Could Improve Arthritis Symptoms
Some early research shows drinking cherry juice concentrate may reduce symptoms of gout attacks and osteoarthritis pain. The anti-inflammatory effects of cherries may be responsible.
May Promote Heart Health
Animal and test-tube studies indicate the plant compounds in cherries may help decrease cholesterol levels and blood pressure. More research is needed to confirm these heart-protective effects.
Help Stabilize Blood Sugar
Tart cherries contain compounds that may help regulate insulin levels after meals and stabilize blood sugar levels naturally. More human-based research is needed in this area.
Could Boost Exercise Recovery
Drinking tart cherry juice prior to exercise or after intense workouts may reduce muscle damage and strength loss. Researchers believe this effect is linked to reduced inflammation and oxidative stress.

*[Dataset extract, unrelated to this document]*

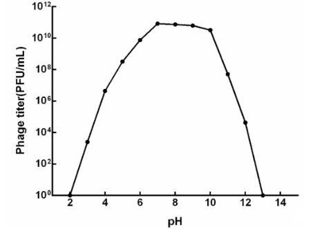 在不同pH條件下培養(yǎng)1 h后,噬菌體在pH6.0~10.0范圍能保持較高的活性,噬菌體滴度沒有明顯變化,且在pH為7時,噬菌體效價最高。隨著pH值的升高或降低,噬菌體的滴度下降明顯,在pH為2和13時,噬菌體完全失活(圖6)。該結果表明該噬菌體能耐受弱酸和弱堿條件,具有較好的酸堿耐受性。
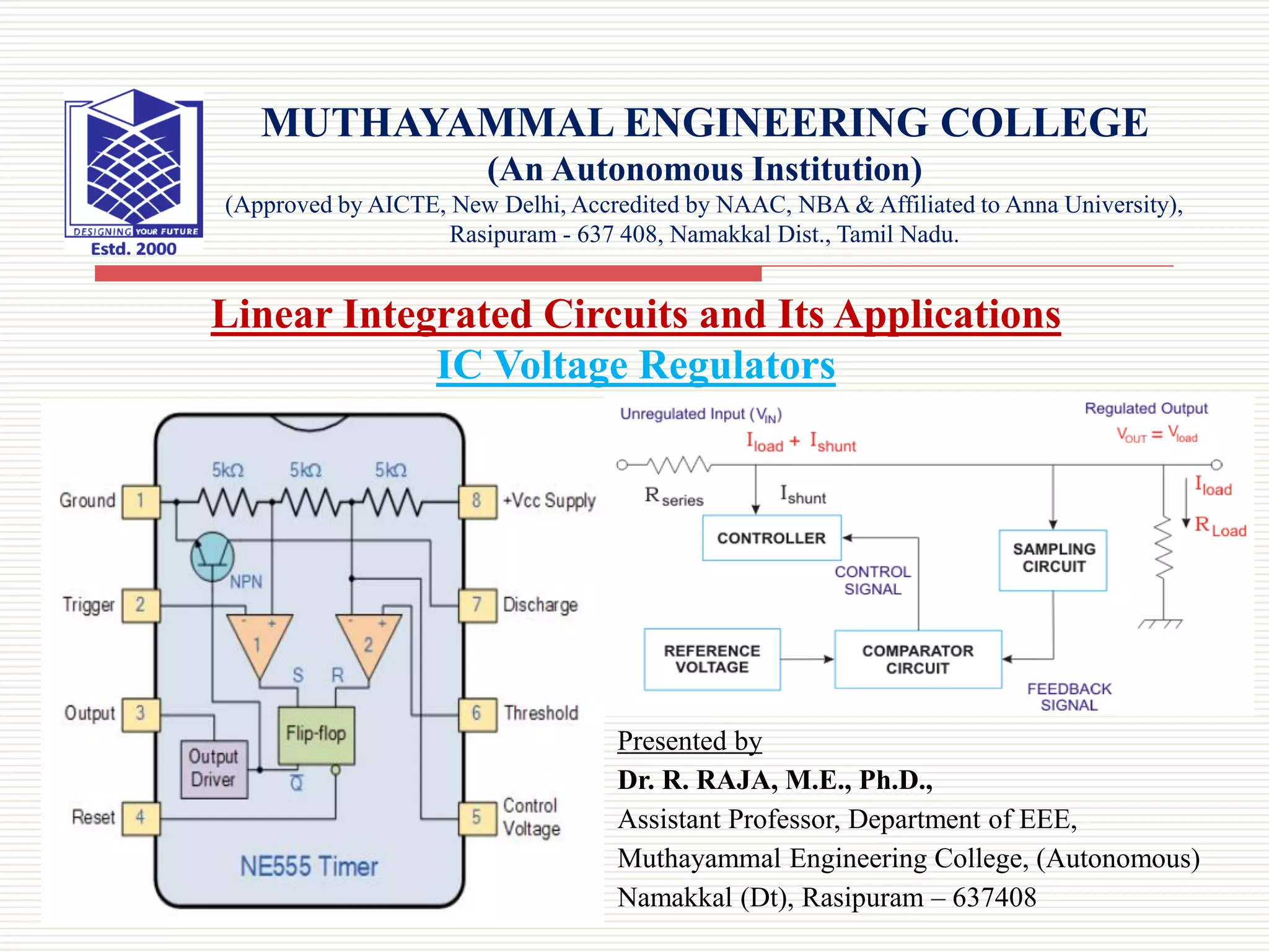 1) It defines an IC voltage regulator as an integrated circuit that regulates an unregulated input voltage to provide a constant, regulated output voltage.

Potential Downsides of Cherries
Cherries are safe for most people to consume and associate with minimal side effects. However, some things to be aware of include:
Sugar Content
Since cherries are fairly high in natural sugar, moderation is key, especially if you have diabetes or are on a carb-controlled diet. Stick within a 1/21 cup serving per day.
Pesticide Residue
Cherries have been identified as one of the most pesticide-heavy fruits. Select organic cherries when possible or thoroughly wash conventional ones.
Allergies
Although quite rare, cherries have been associated with allergic reactions in those with hypersensitivities. Discontinue use if any adverse reactions occur.
Medication Interactions
The compounds in sour cherries may interact with certain medications like blood thinners. Speak with your healthcare provider before increasing your intake if taking any medications.
How to Pick, Store and Enjoy Cherries
Follow these simple tips to select fresh, vibrant cherries and store your bounty so you can enjoy their sweetness as long as possible:
Selecting
- Look for plump, shiny cherries with green stems still attached.
- Avoid fruit with blemishes, wrinkled skin or white patches.
- Stemless cherries may leak juices and get damaged more easily.
Storing
- Keep unwashed cherries in an airtight container in the fridge for up to 10 days.
- Wash just before eating to prevent excess moisture.
- You can also pit and freeze cherries for later use in smoothies, baked goods etc.
Enjoying
- Fresh cherries make great on-the-go snacks and additions to fruit salads, oatmeal and yogurt.
- Bake into crisp pastries, incorporate into savory sauces or poach in wine.
- Blend cherries into smoothie bowls or homemade ice cream for a creamy treat.
The options for enjoying cherries are nearly endless. With all of their nutritional benefits, be sure to grab a handful next time you come across some fresh, seasonal cherries.
Disclaimer: This article is for informational purposes only and does not constitute medical advice. Always consult with a healthcare professional before starting any new treatment regimen.